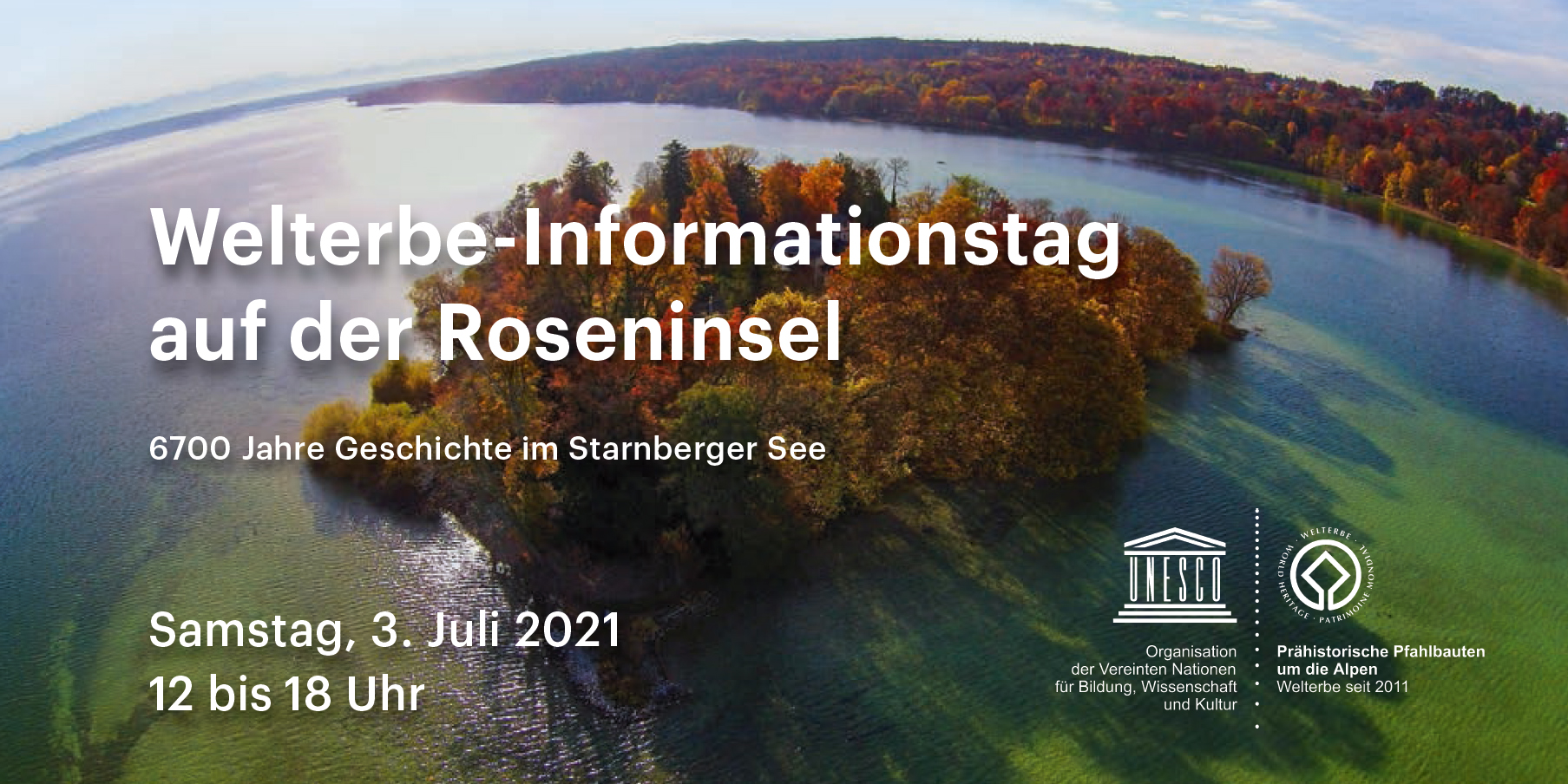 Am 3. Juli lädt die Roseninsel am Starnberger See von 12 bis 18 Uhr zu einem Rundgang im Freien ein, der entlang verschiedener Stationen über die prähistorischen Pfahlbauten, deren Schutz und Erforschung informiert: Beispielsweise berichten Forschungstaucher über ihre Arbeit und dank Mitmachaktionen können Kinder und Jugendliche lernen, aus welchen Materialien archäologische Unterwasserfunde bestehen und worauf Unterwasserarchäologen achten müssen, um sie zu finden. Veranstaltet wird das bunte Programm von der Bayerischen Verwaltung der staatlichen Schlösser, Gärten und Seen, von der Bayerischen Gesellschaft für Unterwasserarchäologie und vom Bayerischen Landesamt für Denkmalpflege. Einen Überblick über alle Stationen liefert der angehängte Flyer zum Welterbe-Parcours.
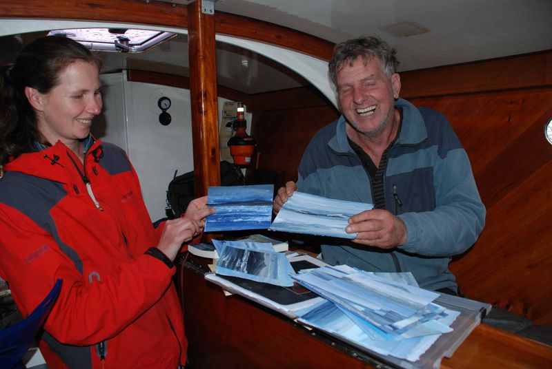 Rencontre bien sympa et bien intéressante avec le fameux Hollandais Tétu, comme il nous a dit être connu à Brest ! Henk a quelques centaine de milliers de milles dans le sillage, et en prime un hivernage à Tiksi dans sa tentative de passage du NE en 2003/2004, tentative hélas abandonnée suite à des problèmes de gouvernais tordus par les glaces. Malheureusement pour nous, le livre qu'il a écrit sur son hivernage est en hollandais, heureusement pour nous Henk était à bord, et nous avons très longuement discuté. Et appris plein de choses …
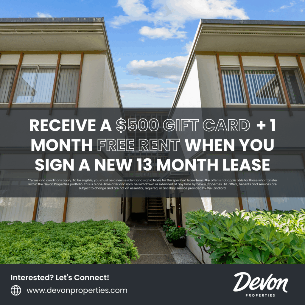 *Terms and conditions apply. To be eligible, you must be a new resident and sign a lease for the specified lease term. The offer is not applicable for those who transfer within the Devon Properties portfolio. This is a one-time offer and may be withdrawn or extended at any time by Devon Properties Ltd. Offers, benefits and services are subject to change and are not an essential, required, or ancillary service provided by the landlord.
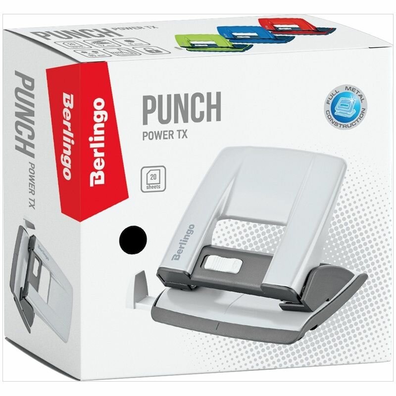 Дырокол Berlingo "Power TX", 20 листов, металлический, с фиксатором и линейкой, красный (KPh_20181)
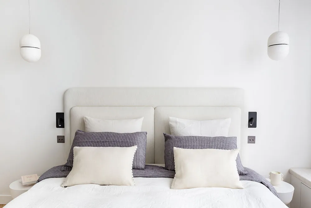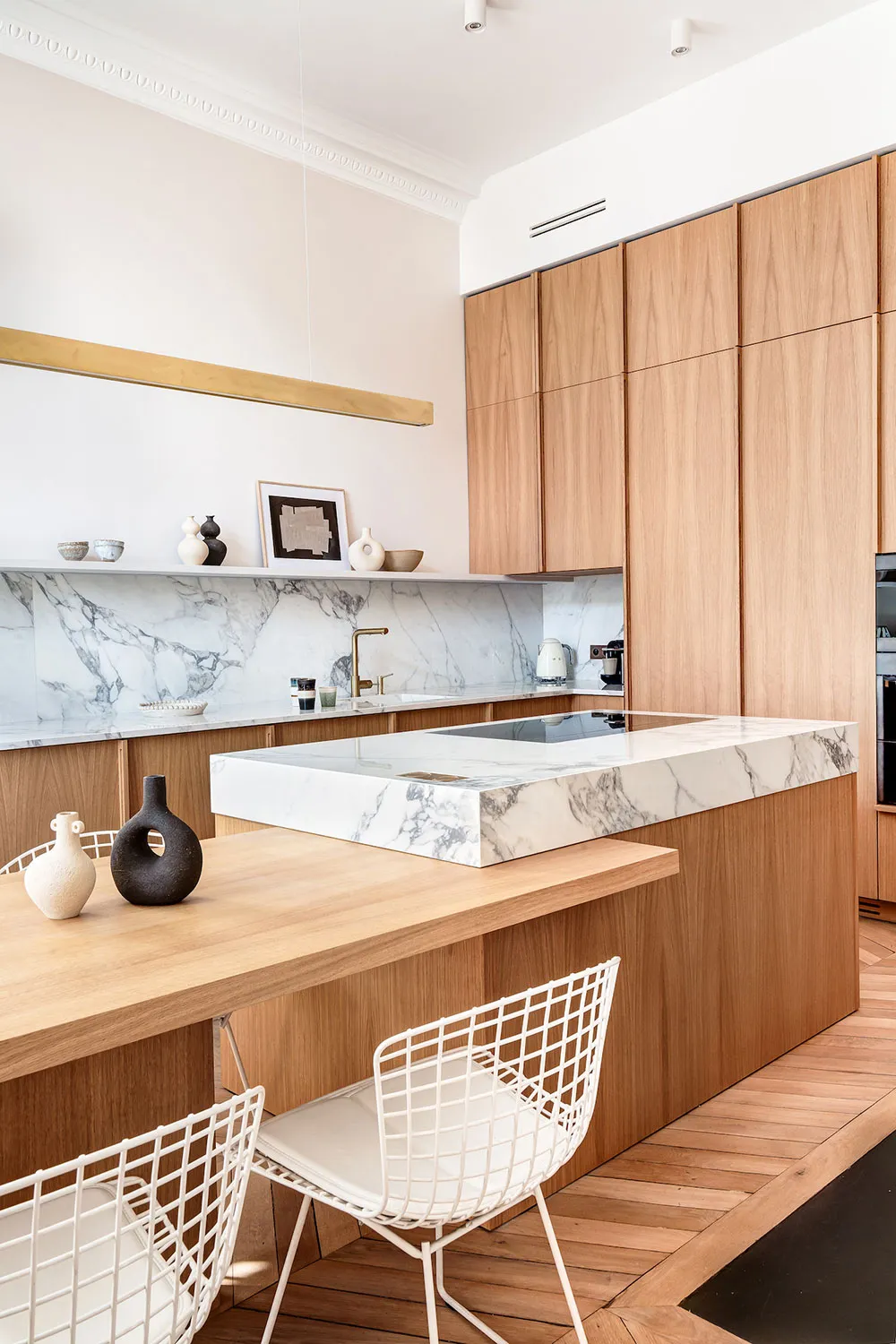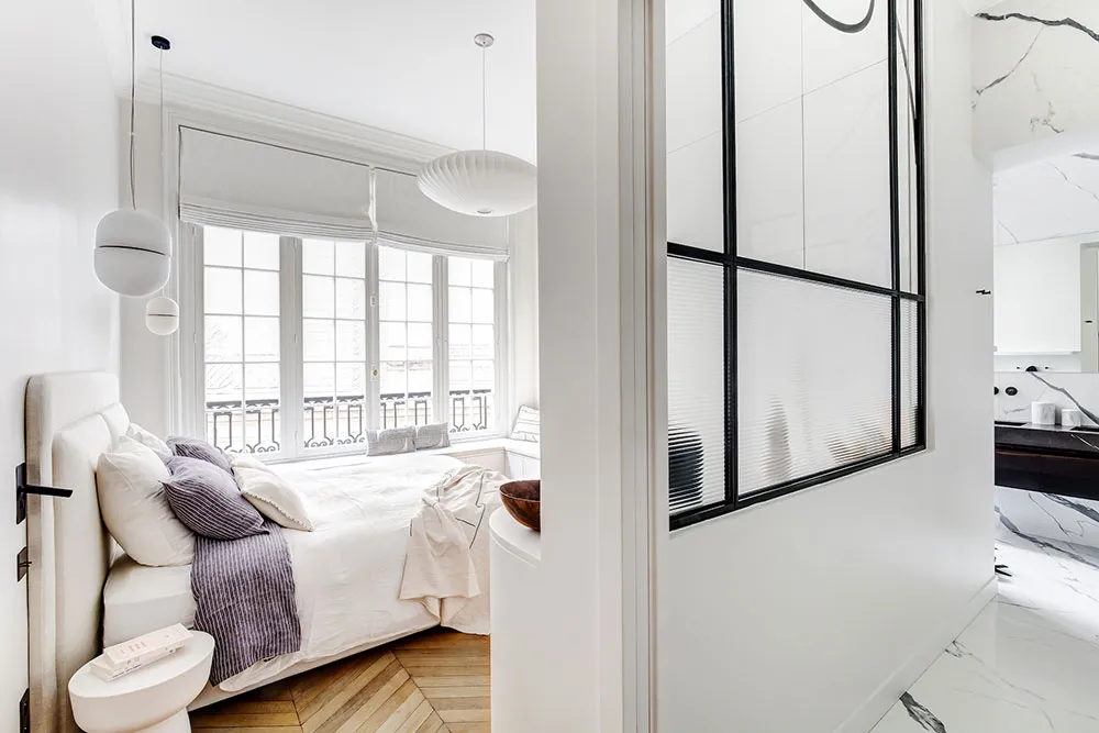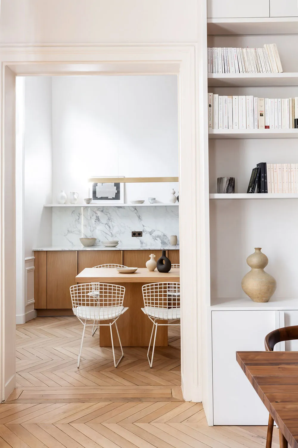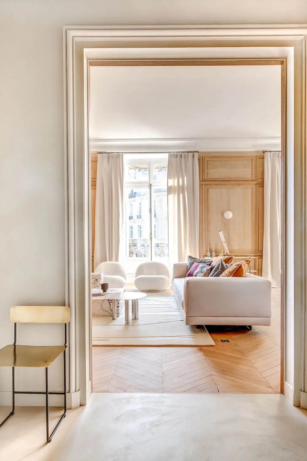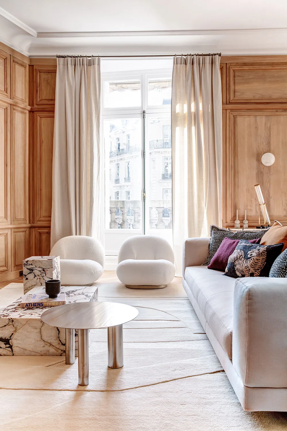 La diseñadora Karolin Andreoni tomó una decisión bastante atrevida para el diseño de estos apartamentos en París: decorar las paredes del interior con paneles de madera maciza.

--

WHAT YOU SHOULD DO: Reproduce the entire listing exactly, except for any pictures it contains.

EXERCISE SOLUTION:
 Am 3. Juli lädt die Roseninsel am Starnberger See von 12 bis 18 Uhr zu einem Rundgang im Freien ein, der entlang verschiedener Stationen über die prähistorischen Pfahlbauten, deren Schutz und Erforschung informiert: Beispielsweise berichten Forschungstaucher über ihre Arbeit und dank Mitmachaktionen können Kinder und Jugendliche lernen, aus welchen Materialien archäologische Unterwasserfunde bestehen und worauf Unterwasserarchäologen achten müssen, um sie zu finden. Veranstaltet wird das bunte Programm von der Bayerischen Verwaltung der staatlichen Schlösser, Gärten und Seen, von der Bayerischen Gesellschaft für Unterwasserarchäologie und vom Bayerischen Landesamt für Denkmalpflege. Einen Überblick über alle Stationen liefert der angehängte Flyer zum Welterbe-Parcours.
 Rencontre bien sympa et bien intéressante avec le fameux Hollandais Tétu, comme il nous a dit être connu à Brest ! Henk a quelques centaine de milliers de milles dans le sillage, et en prime un hivernage à Tiksi dans sa tentative de passage du NE en 2003/2004, tentative hélas abandonnée suite à des problèmes de gouvernais tordus par les glaces. Malheureusement pour nous, le livre qu'il a écrit sur son hivernage est en hollandais, heureusement pour nous Henk était à bord, et nous avons très longuement discuté. Et appris plein de choses …
 *Terms and conditions apply. To be eligible, you must be a new resident and sign a lease for the specified lease term. The offer is not applicable for those who transfer within the Devon Properties portfolio. This is a one-time offer and may be withdrawn or extended at any time by Devon Properties Ltd. Offers, benefits and services are subject to change and are not an essential, required, or ancillary service provided by the landlord.
 Дырокол Berlingo "Power TX", 20 листов, металлический, с фиксатором и линейкой, красный (KPh_20181)
 La diseñadora Karolin Andreoni tomó una decisión bastante atrevida para el diseño de estos apartamentos en París: decorar las paredes del interior con paneles de madera maciza.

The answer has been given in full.